Step 1.2.3: the stage is completed speciallyAnd (5) performing triangle formation. Is simpler for the RGB-D type, at F n And restoring the depth information by combining the correct matching points with the depth map to create a static initial map. For binocular, F n Carrying out binocular triangulation on the correct matching points, and carrying out binocular triangulation on any static matching point p between the left frame and the right frame L (u L ,v L ) And p R (u R ,v R ) Their corresponding 3D points P, using the geometric relationship between the binoculars, are as follows:
wherein z represents the depth information of P, b represents the base line of binocular, f is the focal length of the camera, and d is the parallax between two images. The method is adopted for processing, and initial map information can be finally obtained.
Step 2: and tracking and positioning of the SLAM system are realized by combining GMS.
When the system is initialized successfully, the system enters a tracking thread and initializes a key frame F 1 When a new image frame is received, the pose of the camera is estimated by using a reference frame tracking model or a constant-speed tracking model, then the local key frame and the local map points are updated, the local map points are re-projected to the current frame, a map optimization model is established, and the pose is further optimized. Step 2 is mainly divided into two parts, namely tracking and local map creation, and then loop detection and global optimization of the system.
Step 2.1: the tracing and mapping implementation in the step inherits the basic idea of ORB-SLAM. The image information enters the system and is tracked by adopting different modes of a reference frame tracking model and a constant-speed tracking model.
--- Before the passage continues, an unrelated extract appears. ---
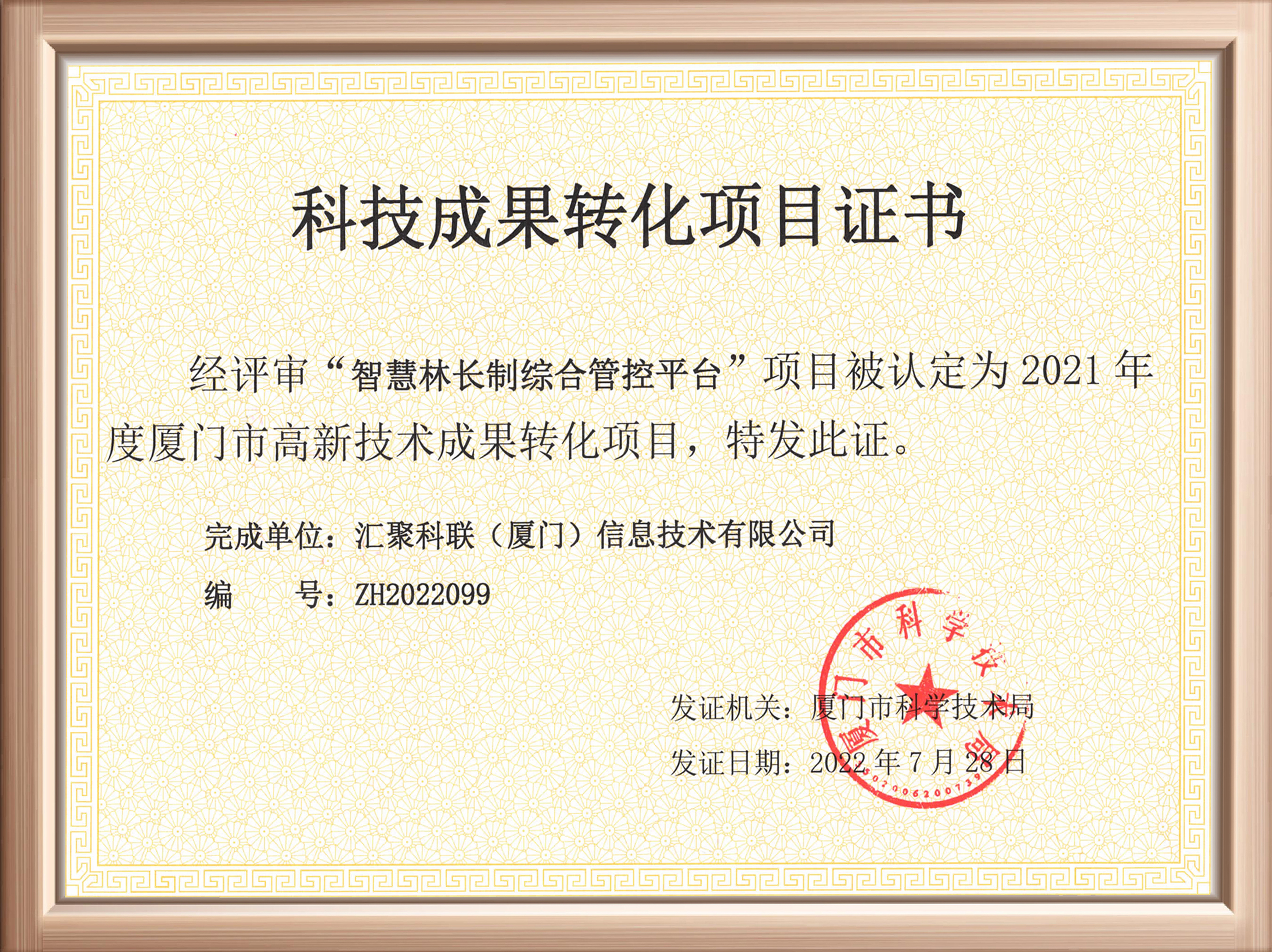 近日,匯聚科聯收到廈門市科技局頒發(fā)的“科技成果轉化項目證書”,公司“智慧林長制綜合管控平臺”經過評選,成功被認定為2021年度廈門市高新技術成果轉化項目。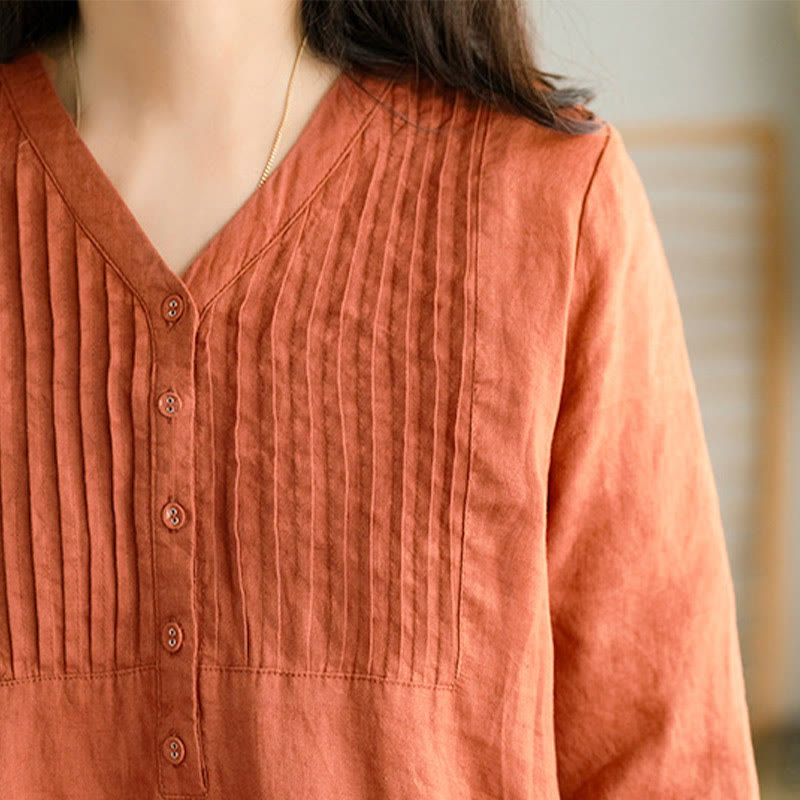 Buddha Stonesカジュアル 無地 アコーディオンプリーツ Vネック ハーフスリーブデザイン ミディドレス ポケット付き

Step 2.1.1: the SLAM system firstly enters a constant-speed tracking model, the pose transformation of the previous frame is used as the initial pose xi of the current frame, and the map points in the reference frame are projected to the current frame to complete 3D-2D data association, and the relationship is as follows:
wherein, lie algebra xi ^ represents camera pose, u i As pixel coordinates of observation points, s i Is scale information, K is an internal reference matrix, P i As a 3-dimensional coordinate, xi, of a spatial point * The camera pose needs to be optimized. And then BA optimization is carried out to minimize the reprojection error and optimize the pose.
Step 2.1.2: and (3) filtering and eliminating the inspection method by adopting a 3D-2D matching point in the traditional ORB-SLAM system to obtain the matching number matches Map of the final Map points and the feature points, if the matching number is greater than or equal to a third threshold value, for example, the matching number > =10, directly jumping to the step 2.2, and otherwise, entering the step 2.1.3 to track the reference frame.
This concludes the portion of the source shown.